The alternative is that one or both parties saw one-or-more chance meteors, unconnected with the Perseids, concurrent with Track C. Analysis of the Bentwaters Fast Radar Tracks explains why Track C could only have been generated (at an unfavourable wavelength, by multiple-trip echoes and on an unfavourable diametric zenithal trajectory) from a very large fireball indeed. It is noteworthy that fireballs with durations anything like comparable to that implied for Track C in BOI-485 (well over 1 minute) are very rare and spectacular events indeed. A reflection of such a spectacular fireball in surface water just might be plausible as an explanation of the light that streaked under the aircraft (even though the fireball itself still; ought to be more obvious than its reflection).

But as already mentioned, these events typically generate a great many reports. Like the St. Louis incident, such a spectacular fireball might be expected to be widely reported as a UFO in the clear skies of summer evening. But not one such report appears to have been generated elsewhere in the UK. Aside from the several local observations directly associated with this case, at Lakenheath and at nearby Ely, only one report has been discovered for the night of August 13/14 1956, which involved a totally unrelated sighting a few hundred miles away in Otterburn, Northumberland of what may have been the planet Venus. (There is a retrospective report of what sounds like a bright daytime meteor seen on a roughly south-north path over south London during one late morning around this date in 1956, appearing to go from the direction of Orpington, Kent, towards Greenwich. The witness believes it could have been the morning before the Lakenheath events. It is unclear whether the geometry could be consistent with the Perseid radiant, which would have been at moderately high elevation in the west at the time.)

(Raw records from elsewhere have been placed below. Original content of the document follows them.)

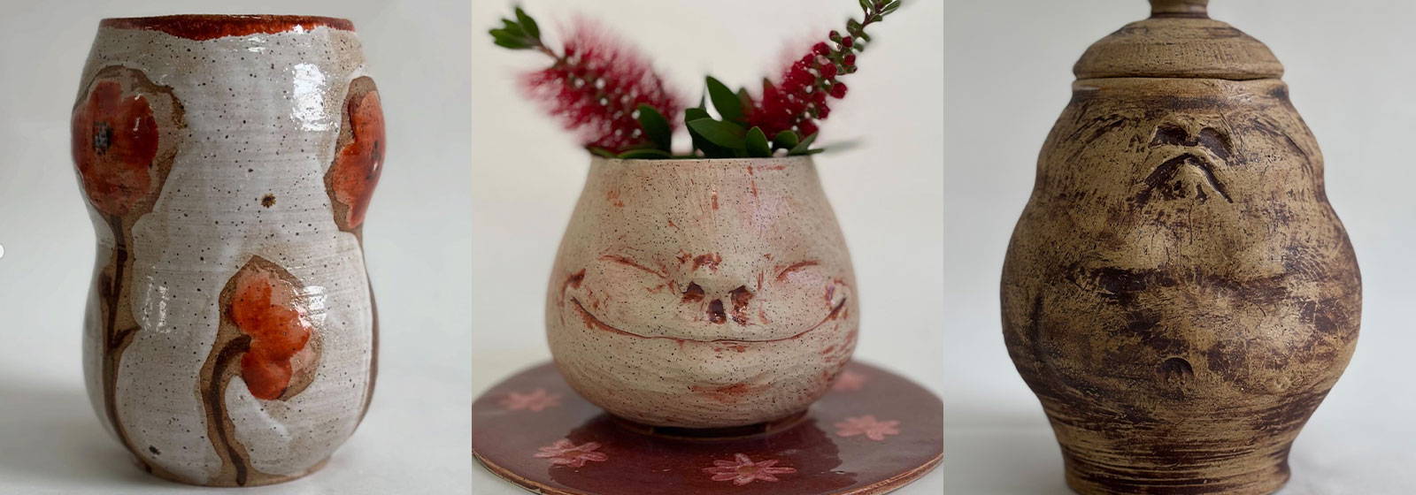 I create one of a kind ceramic pieces that typically incorporates floral surface designs or wall distortion to sculpt humanoid faces.
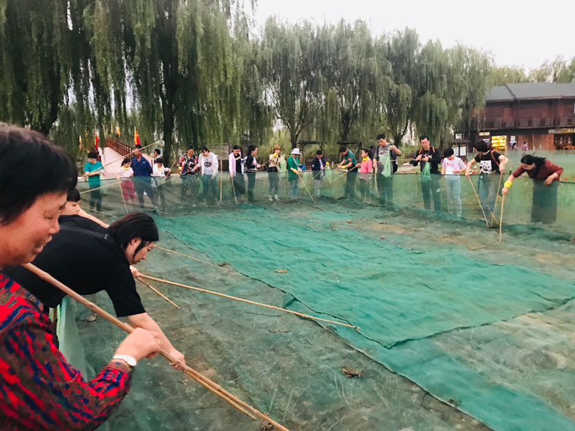 接着我们前往高邮湖的湖心岛也是今晚我们的住宿点,并且是钓螃蟹的活动地。但是由于现在天气还比较热,湖里的螃蟹不愿意爬上岸来所以都是由工作人员先捕好再倒到草地上让大家钓,明显体验感和自己下手捉要差很多。但是等天气再冷一点了蟹也更肥了那时候会更有意思
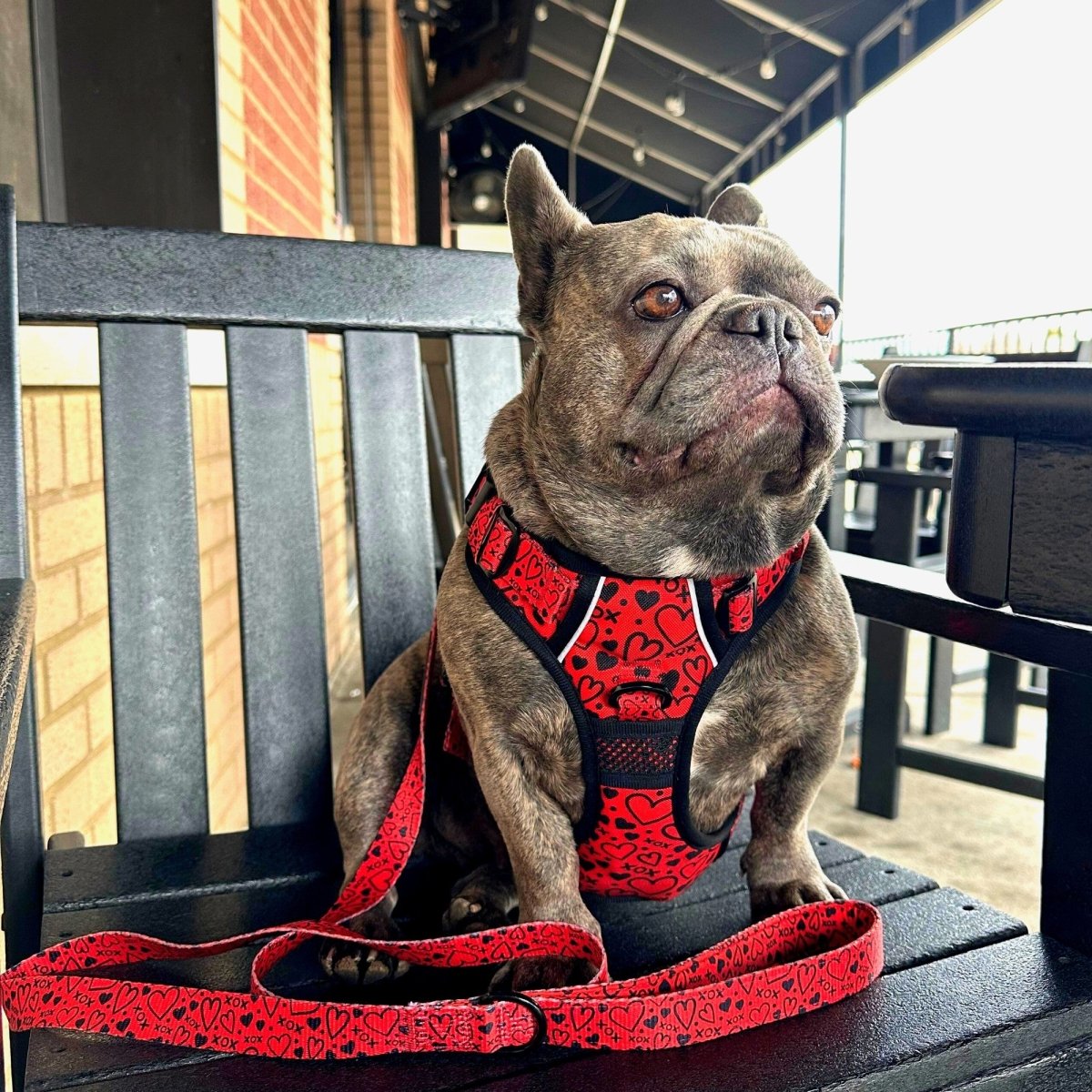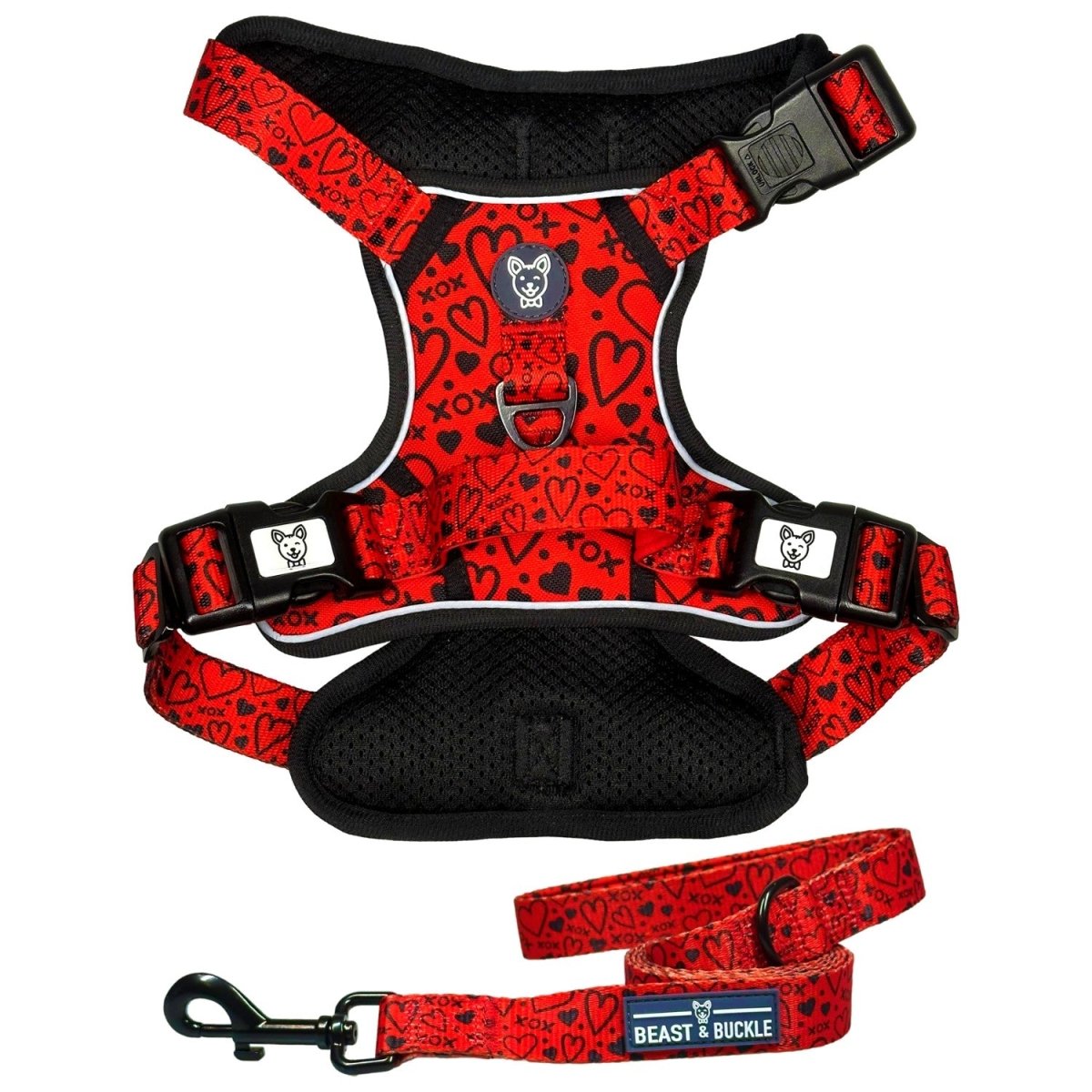 This no-pull dog harness and leash set features a lovey-dovey Xs and Os pattern!
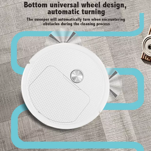Unlike ordinary vacuums, this robot features a true 3-in-1 system: it sweeps, vacuums, and mops in a single motion. The bilateral brushes pull in debris from corners, while strong suction power ensures thorough pickup. With a 1200mAh lithium battery, it offers up to 30 minutes of continuous cleaning after just 3 hours of USB charging. It also has intelligent obstacle avoidance and a universal bottom wheel that automatically redirects the robot when it encounters furniture or walls.
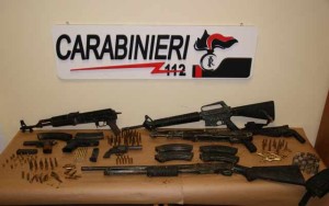 Nel corso di tale attività investigativa, i militari dell’Arma hanno rinvenuto un intero arsenale occultato all’interno di alcuni sacchi neri sotto circa 50 centimetri di terreno di pertinenza dei giardini di due villette site in Casal di Principe. Si tratta di numerose armi comuni da sparo, armi da guerra, fucili e numeroso munizionamento tutto in ottimo stato di conservazione. In particolare sono state sequestrate 3 pistole di cui 2 con matricola abrasa, 1 pistola mitragliatrice, con matricola abrasa, 1 fucile a pompa, con matricola abrasa, 2 kalashnikov, ed un fucile d’assalto-mitragliatore, completo di caricatore, nonché il seguente munizionamento: 89 cartucce calibro 7,62, 18 cartucce calibro 12, 19 cartucce calibro 38, 50 cartucce calibro 9,21, 6 cartucce calibro 38S e 4 cartucce calibro 7,65.

If a local cause is more likely then we should consider an extremely local cause. Charles V. Metz, who at the time was a 1st Lt. with the 512th Fighter Interceptor Squadron at Bentwaters and one of the two airmen diverted to search for the slow cluster of targets NE of Bentwaters at about 2130 that night, recalled that over a period of several weeks in 1956 "balls of light" were seen on a number of occasions "floating slowly by the Tower" from the N end of the runway then climbing to about 500 feet and disappearing. The weather was cool, damp, slightly foggy under clear night skies. After much puzzlement it was eventually determined that the cause was car headlight beams from a slightly elevated road north of the base being scattered off a layer of low-lying mist. Metz was told that the lights were a well-known local phenomenon.

Could this or some similar effect - perhaps exaggerated in the retelling - have been responsible for the report that was passed to Lakenheath? It is possible; there is evidence in meteorological reports for the presence of coastal haze during the evening of the 13th, observed indeed by Metz and Rowe from the air, and appropriate conditions may well have existed at Bentwaters. The incident, it has to be said, rests on not much more than a hundred words of description in BOI-485, supported by a similar independent account by the Lakenheath RATCC Watch Supervisor. Both are quoting an unnamed military source or sources reporting by telephone. Written report IR-1-56 from Bentwaters, compiled much later, contains no comparable incident and no incident of any kind at the time originally reported, a fact which is highly interesting for various reasons but which is also unhelpful.

On the other hand, taking the contemporary official report of ground/air-visual sightings at face value and considering also the radar report, it remains true that the most natural and least contorted interpretation of the whole set of events would be in terms of a hypersonic luminous body overflying the field on a flat trajectory at an altitude of a few thousand feet. In a quantitative radar-visual model of Track C based on this hypothesis all the numbers dictated by various known factors are persuasively consistent. But this is only a circumstantial case. The source information is too scant to support a conclusion.